The other unresolved issue is agent identity. Chase framed the problem through enterprise credentials: if both he and another employee chat with the same agent, whose credentials should it use? Should it act with the user’s credentials, with the other user’s credentials, or with a fixed set of credentials?
Before AutoGPT, he said, most systems used an “on behalf of” model. The agent acted on behalf of the end user, passing through credentials such as Slack permissions, which meant different users could receive different answers. AutoGPT changed the mental model by making people think of agents as entities with their own identity.

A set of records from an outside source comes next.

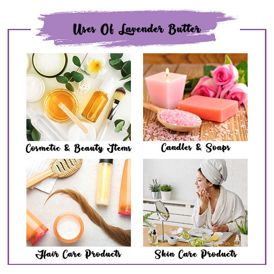 Packed with minerals, vitamins, and antioxidants, all of which contribute in making high-quality soaps and bath bars. Lavender butter hydrates skin and its rich creamy texture floral essence impart heavenly smell to soaps.
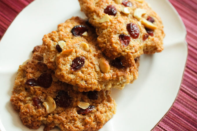 Esta es una receta de Isa Chandra Moskowitz, del libro “Isa Does It”, lo único que le cambié, es que, en lugar de frambuesas frecas usé cranberries disecadas, porque no tenía frescas y agregué algunas castañas de cajú.
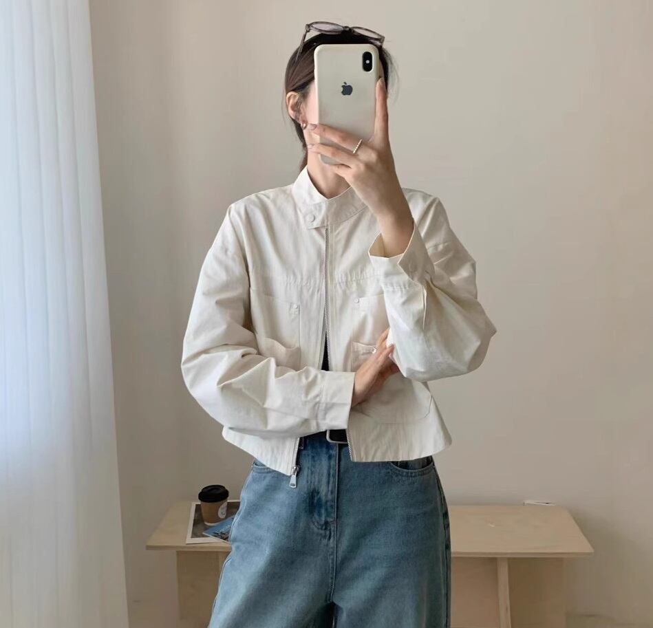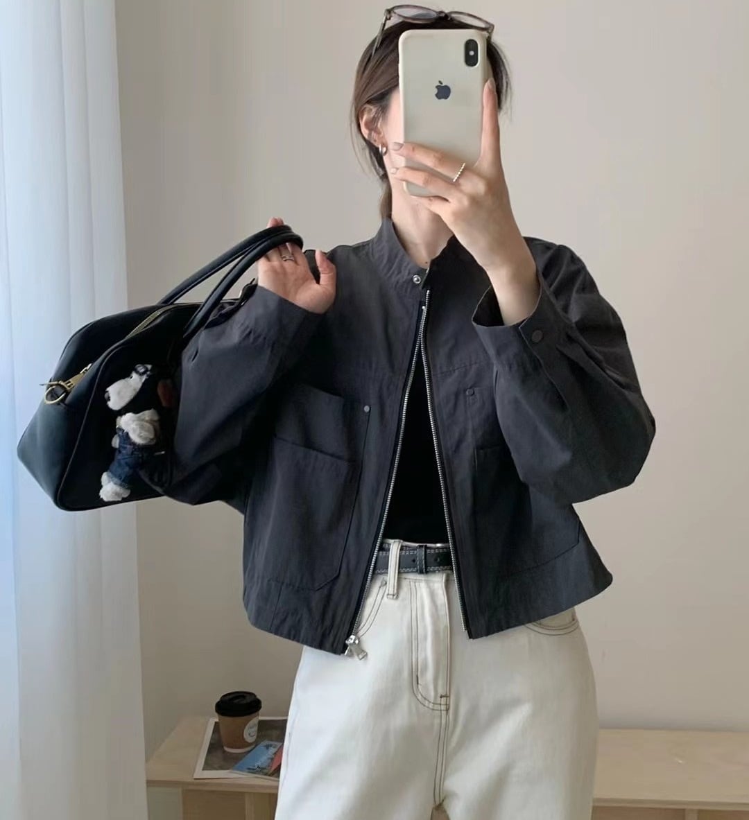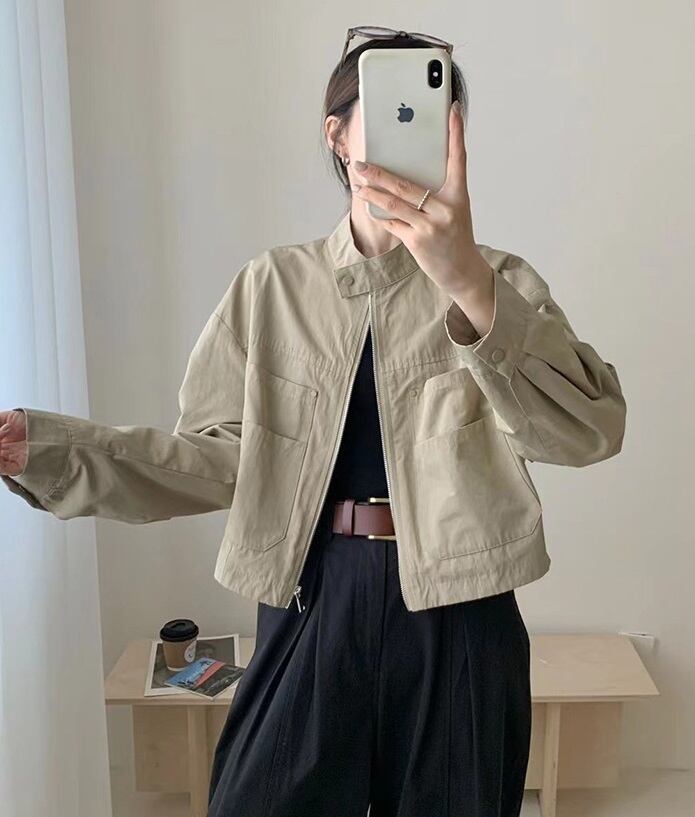 大きめポケット ショート丈 スタンドカラー 長袖 ジャケットのご紹介です!
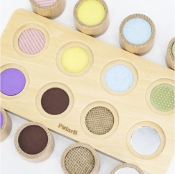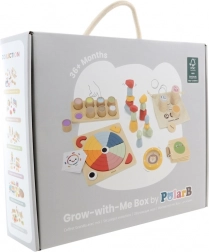 Dzięki wysokiej jakości drewnu i delikatnym pastelowym kolorom box jest bezpiecznym i estetycznym wyborem do pokoju dziecięcego i przedszkola. Przenośne pudełko z uchwytem ułatwia przechowywanie i podróżowanie, dzięki czemu nauka przez zabawę może odbywać się wszędzie.
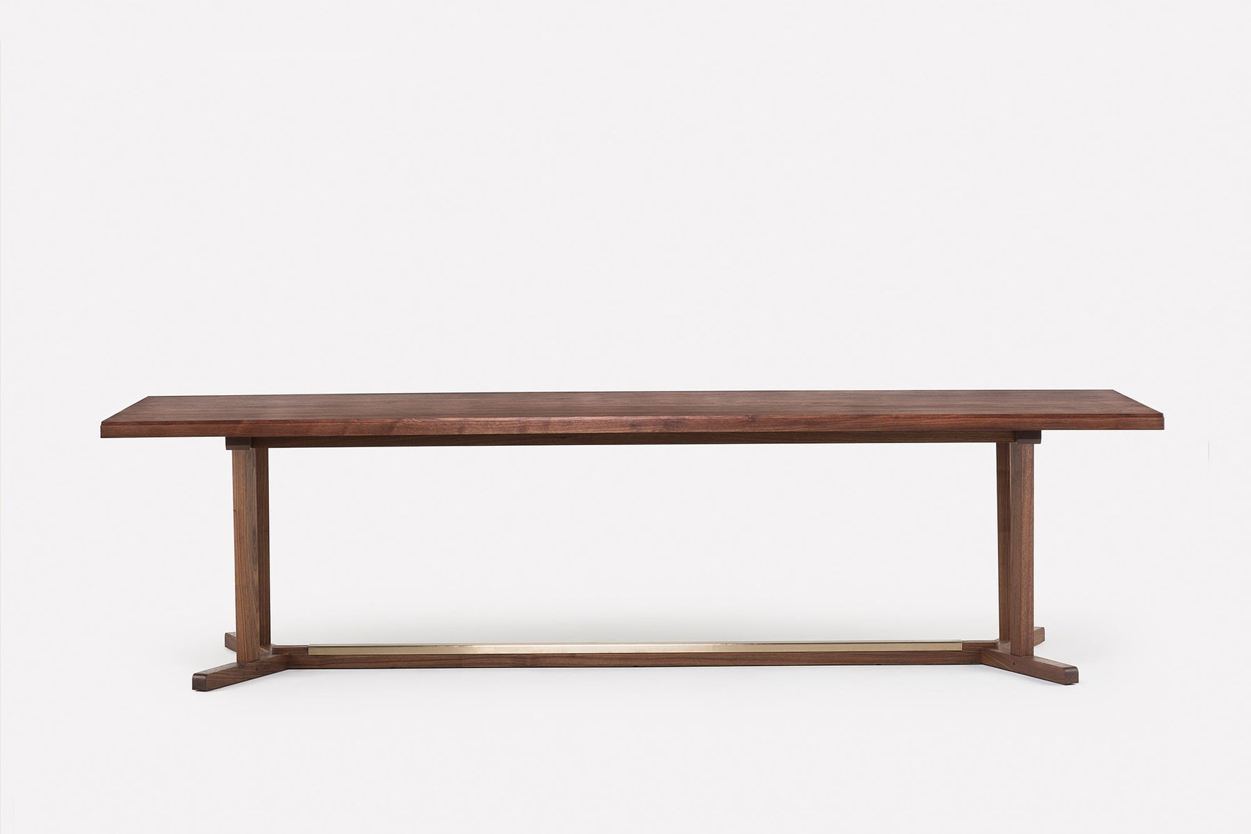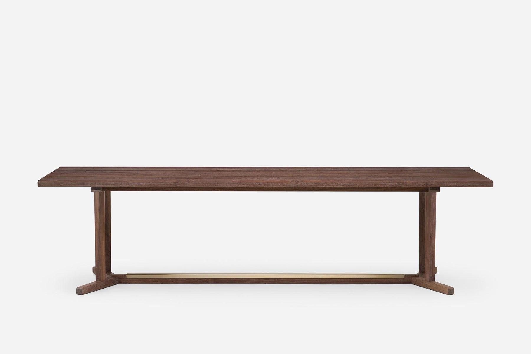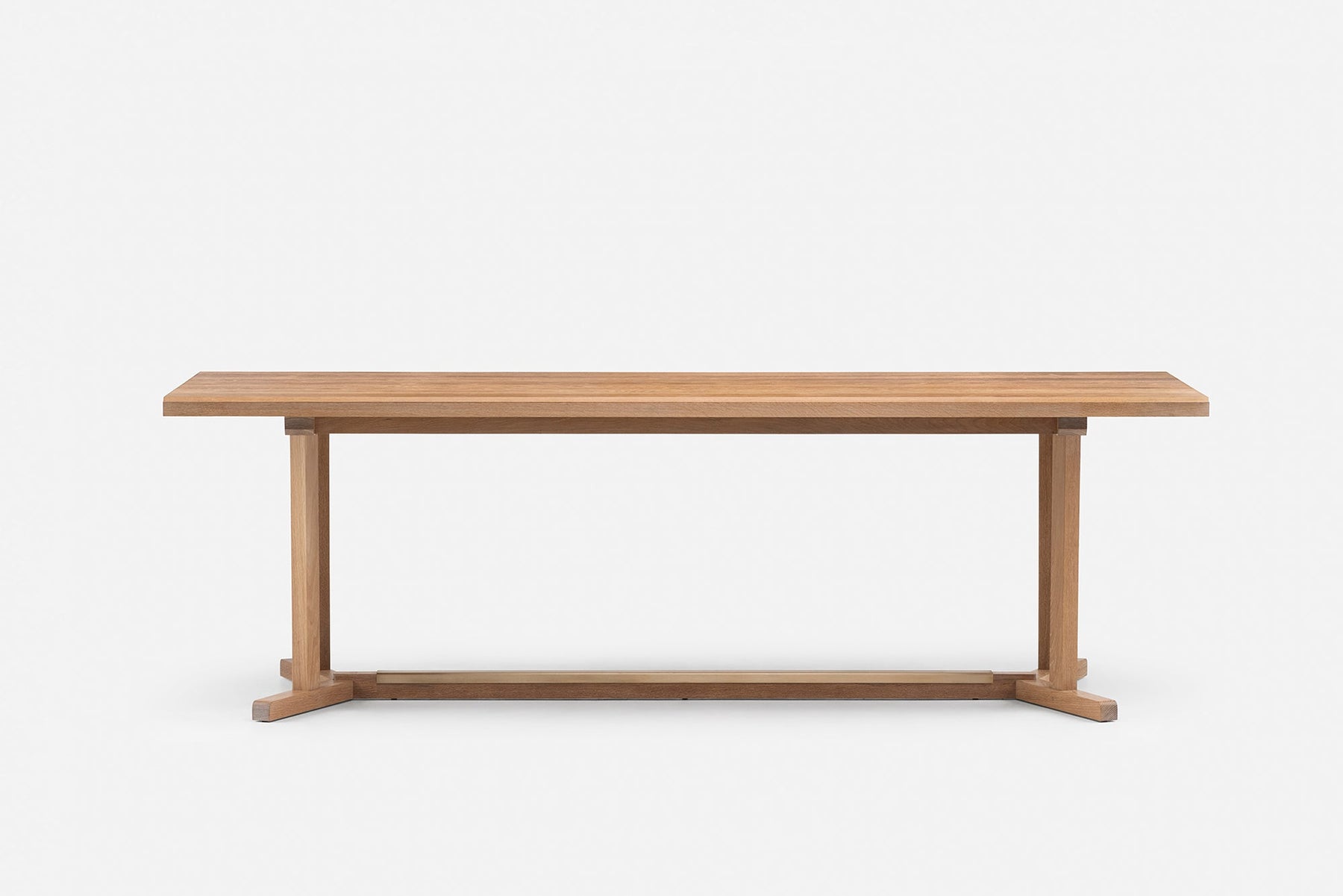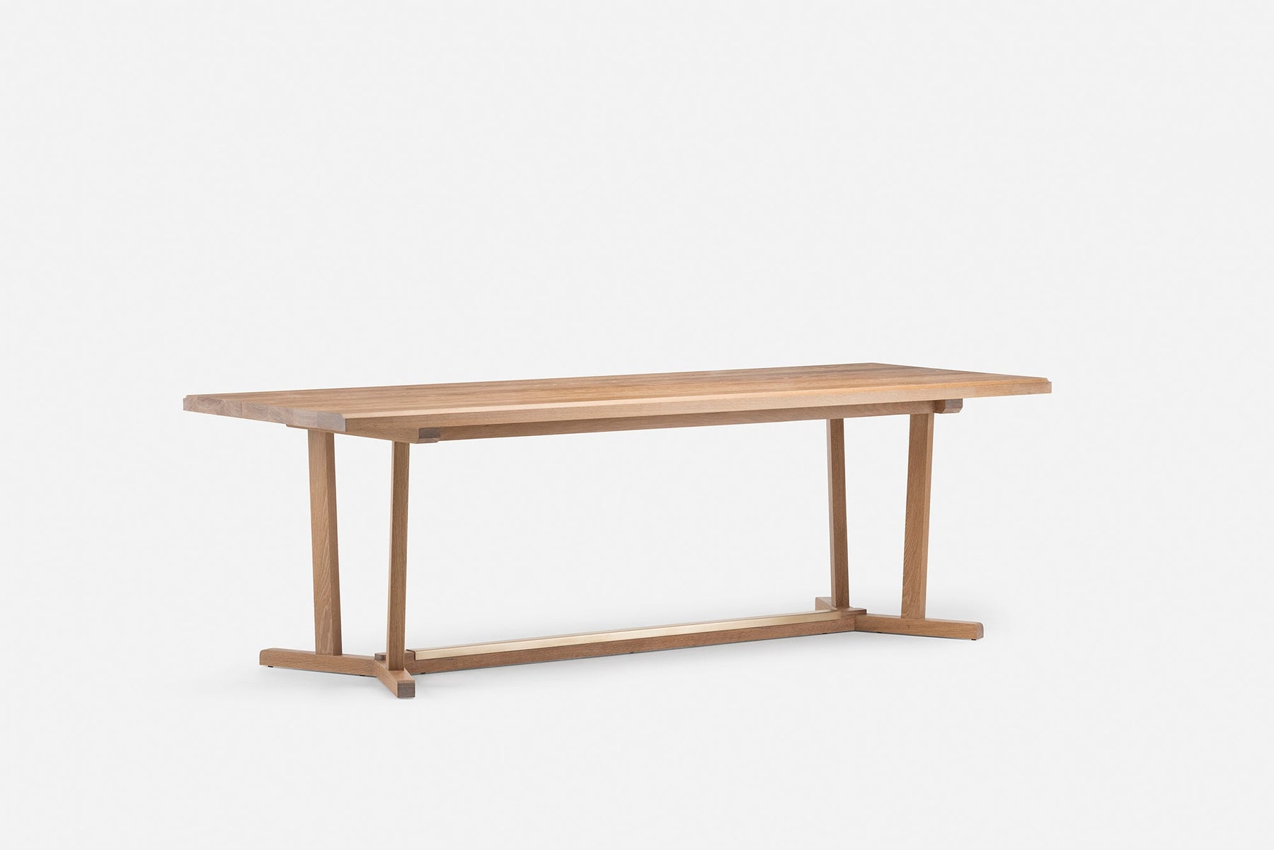 Shaker is a dining table inspired by the simple, honest and utilitarian approach of the movement after which it is named. Made from generous planks of solid wood, the table showcases the natural colour and grain of the timber. The leg frame recalls that of a refectory table, and includes a brushed brass detail on the cross beam.
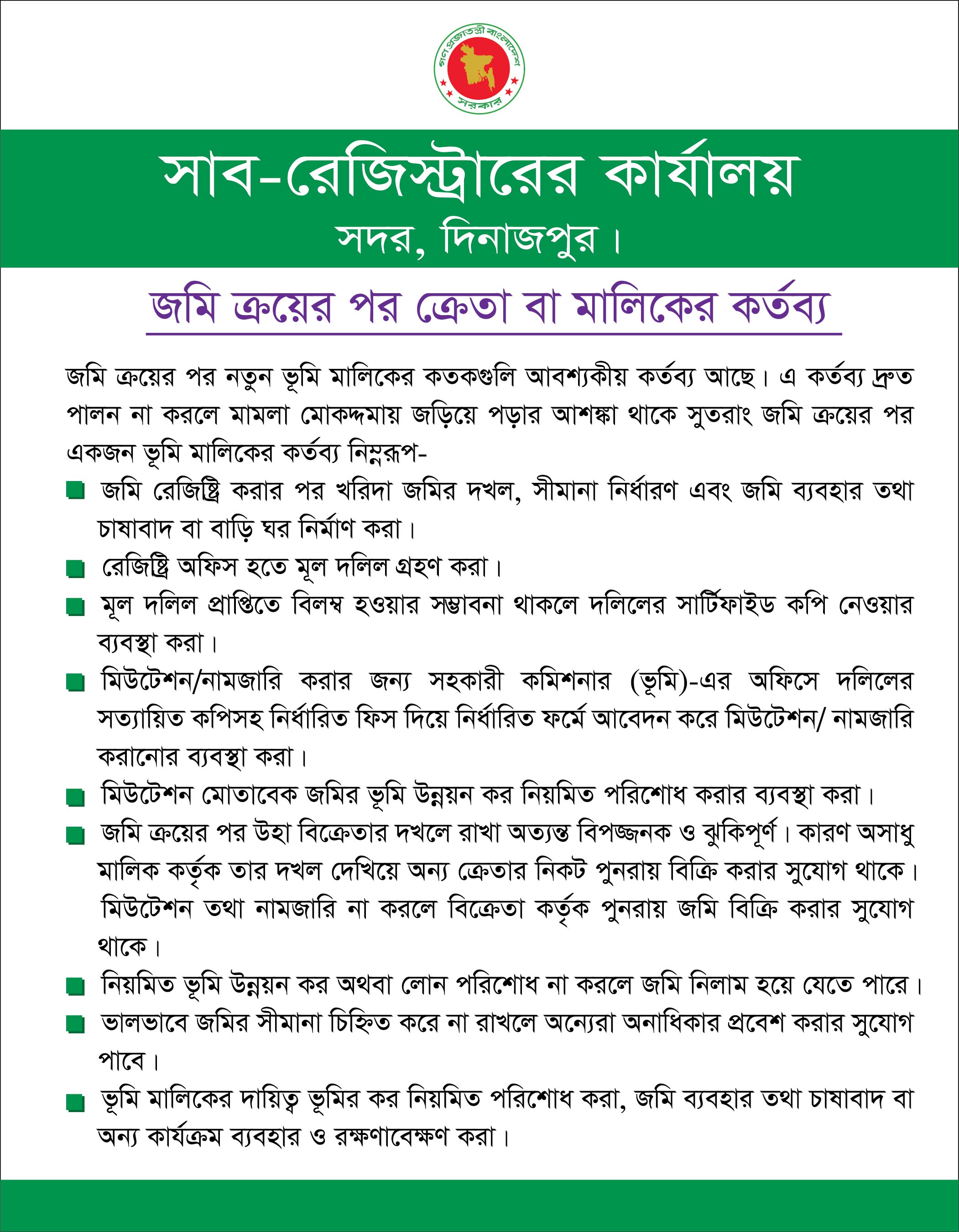 | ৫ | দায়মুক্ত (Non-Encumbrance) সনদ সংগ্রহে সহায়তা গ্রহণ। | ১ দিন | -ঐ- |
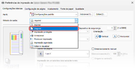 O documento em espera pode ser impresso após rever os detalhes do documento no painel de controlo ou imprimir uma amostra para verificar o resultado da impressão para evitar impressões indesejadas.
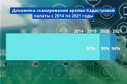 Для сравнения по данным на конец 2019 года было переведено в электронный вид более 78 тыс. кадастровых дел, что составляло 81% от общего количества, а на конец 2020 года уже было отсканировано более 87 тыс. дел, это составило 90% от общего количества.
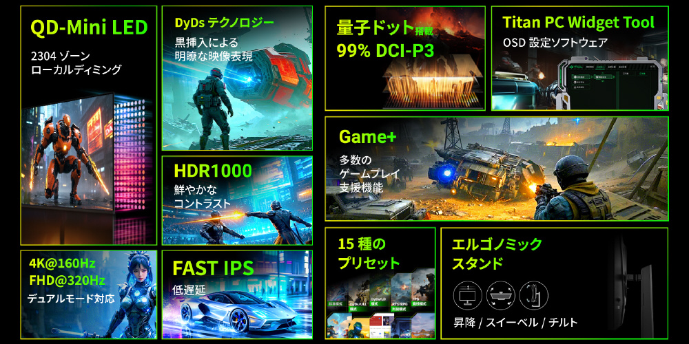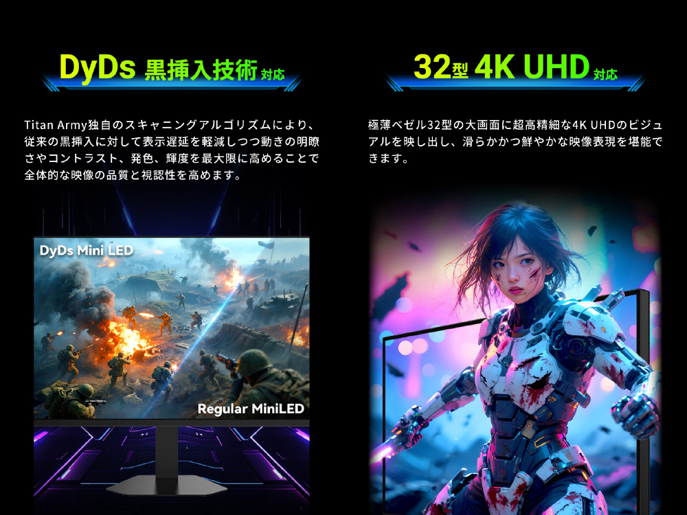 Titan Army P326MV MAXはMini LED、量子ドット技術を搭載し2304ゾーンのローカルディミングに対応した32型160Hz対応のハイエンドゲーミングモニターです。4K(3840×2160)の高解像度とDCI-P3 99%、Adobe RGB 99%の広色域に対応します。最大1000nits(ピーク値)の超高輝度によりHDR1000相当の性能を持ち、2304ゾーンのローカルディミングは従来のバックライトに比べ、光漏れを抑制しはっきりとした黒色を再現します。4K@160Hzだけでなく、デュアルモードによりFHD@320Hzでの超高リフレッシュレートでの動作にも対応し、素早いゲームプレイを実現します。HDMI 2.1ポートを2つ備え、最新の家庭用ゲーム機において4K 120Hz出力でのプレイ、VRR(可変リフレッシュレート機能)にも対応しています。また、独自のDyDs(ダイナミックディスプレイ)モードを備え、高リフレッシュレート時の残像感、ブレを低減し更に明瞭な動画表現が可能です。

Chase used the example of a marketing agent named Tom. Multiple people could chat with Tom. Tom could have persistent memory, his own credentials, and his own accounts in services such as Slack or Gmail. “Tom is Tom,” Chase said — not merely a temporary agent acting on behalf of a particular user.
He did not claim the industry has solved this. He said he had spoken with a SaaS provider that, during the AutoGPT surge, made it easier for people to create accounts for their agents. But those were still accounts. Whether the market moves toward ordinary accounts for agents, special agent accounts, or something else remains open.
AutoGPT changed the ambition, but not the enterprise control problem
Asked how AutoGPT affected the agent market, Harrison Chase said it changed expectations. He recalled Jensen saying something like every enterprise needs an AutoGPT strategy, and said LangChain is seeing that dynamic.
AutoGPT set a new North Star for what agents could and should be able to do. It also made the ideas easier to communicate. But the very reason AutoGPT took off — that it could do everything — is also why enterprises need more controls when bringing similar systems into production.
For weekend projects and hobbyists, broad autonomy can be the point. In an enterprise, teams understandably want more control. That is why Chase connects the AutoGPT moment back to agent identity, observability, evals, runtime security, and harness design. The ambition expanded; the control requirements did not disappear.